Uncompromising Faith

THE THEME of "making language visual," as Bowen describes the balancing-act piece, is a prevailing subtext of the recent works. "When I went through my father's house, I discovered that he had been a big collector of playing cards. That was my legacy, my fortune," she decides. "One hundred decks of playing cards." And so a lifesize metal figure of Bowen herself has been covered entirely with playing cards in a piece entitled Fortuna at Her Wheel.

In another piece, Bowen has created a three-dimensional self-portrait box in metal, again covered with cards, whose face opens into a series of "pages," each of which contains its own careworn secrets. Little boxes, lenses that splinter images into myriad questions, rusted wire overlaid with gold leaf and, finally, at the bottom layer, a mosaic of mirrors.

Each piece keeps uncompromising faith with the artist's past recaptured--yet the sheer rigor of their materials, the sculptural beauty of fabrication and, most of all, their edgy unexpectedness, keep them from sentimentality. This is a potent navigation, rather than an exclusionary trip down memory lane. The new work moves well beyond craft. Renegotiating her own childhood, Bowen holds a mirror up to ours.

Bowen admits to stockpiling what looks to the untrained eye like a lot of junk. "This is not a dump," she protests, dodging boxes and wood scraps to approach what appears to be a long bookcase.

Curious metal cases--some the size of a hand, others as large as a laptop--are lined up in a lazy row. Some are closed, offering only their eloquent exteriors for view. Others stand open, so that the inner leaves are visible, tempting our abilities to decipher the artist's personal code.

Instead of pages, burnt metal, twisted steel and embedded computer chips have been inserted between the steel book jackets. Instead of words, we find oxidized textures, the transparency of mica, the secrecy of golden wire and clouded lenses.
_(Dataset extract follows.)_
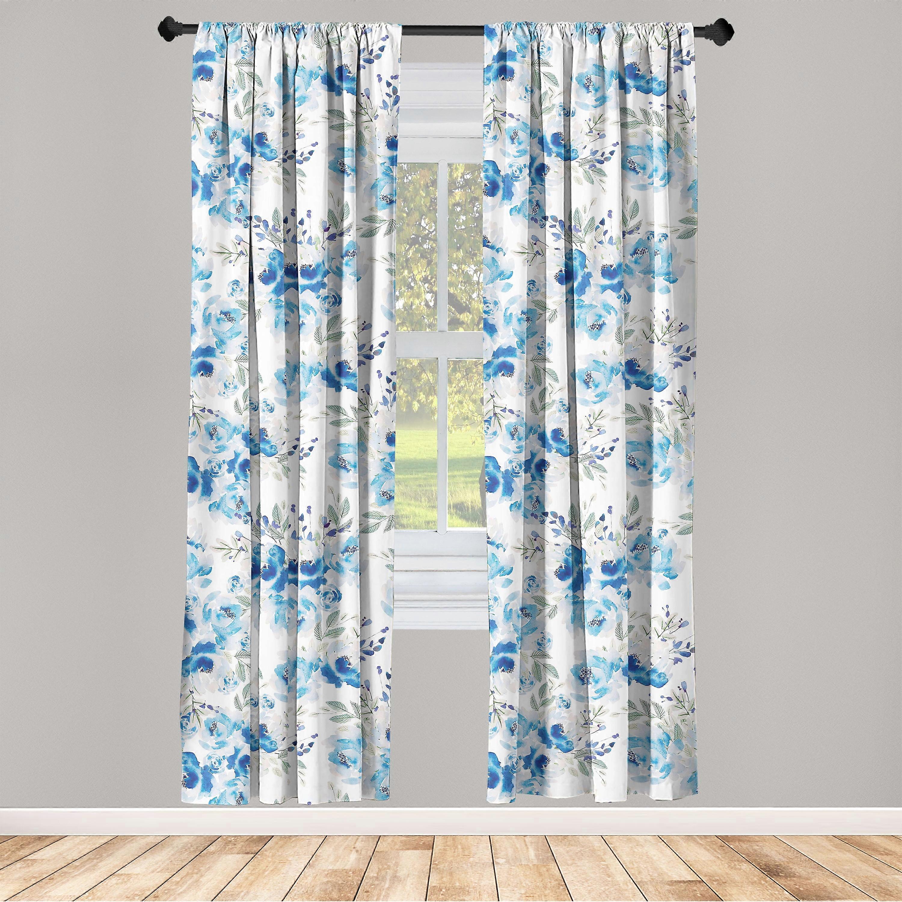 Watercolor Wild Peony & Rose Curtains, Aqua Palette, 2-Panel Set 28"x84", Azure Blue & Pale Seafoam, by Ambesonne
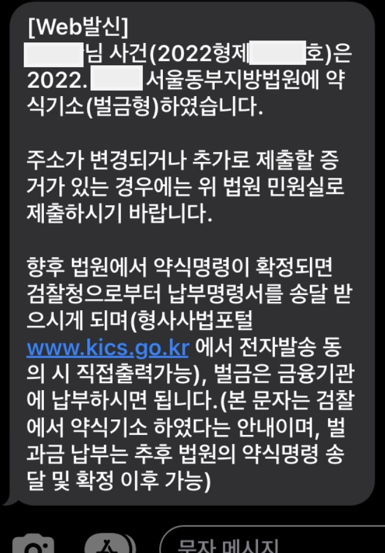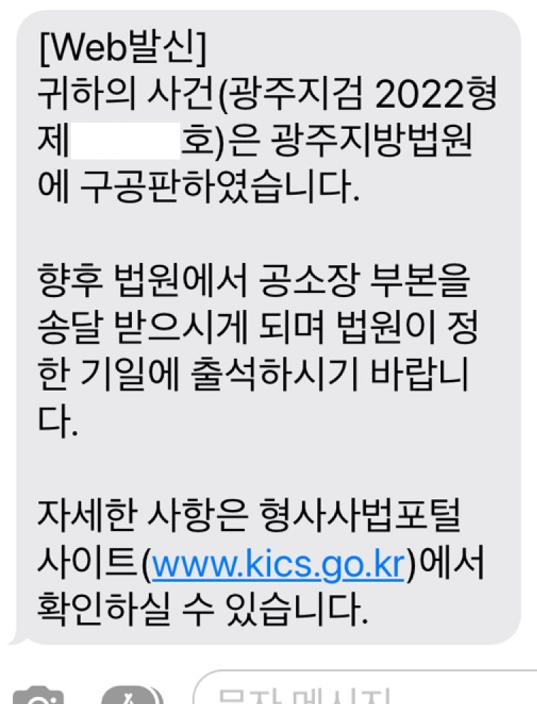 그리고 요즘에는 문자로도 통보를 해줍니다. 그중 경찰에서 검찰로 사건이 넘어간 후 검사의 처분이 있게 되면 받게 되는 문자들 중 "귀하의 사건을 OO법원에 약식기소하였습니다." 또는 "귀하의 사건을 OO법원에 구공판 하였습니다."라는 문자가 있습니다(아래 캡처한 이미지와 같은 문자들입니다).

Deciding to see just how far she could stretch memory into pure abstraction, Bowen has created volumes written in an imaginary language. Like excerpts from some future that has already become extinct, they exist on the far side of consciousness. And the feeling they create is of an evaporating dream that you can't quite remember.

A brilliant puzzle, it raises more questions than it answers. The effect is stunning. And Bowen knows it.

She is finally ready to address the question that haunts our talk.

What does all this have to do with the shoes?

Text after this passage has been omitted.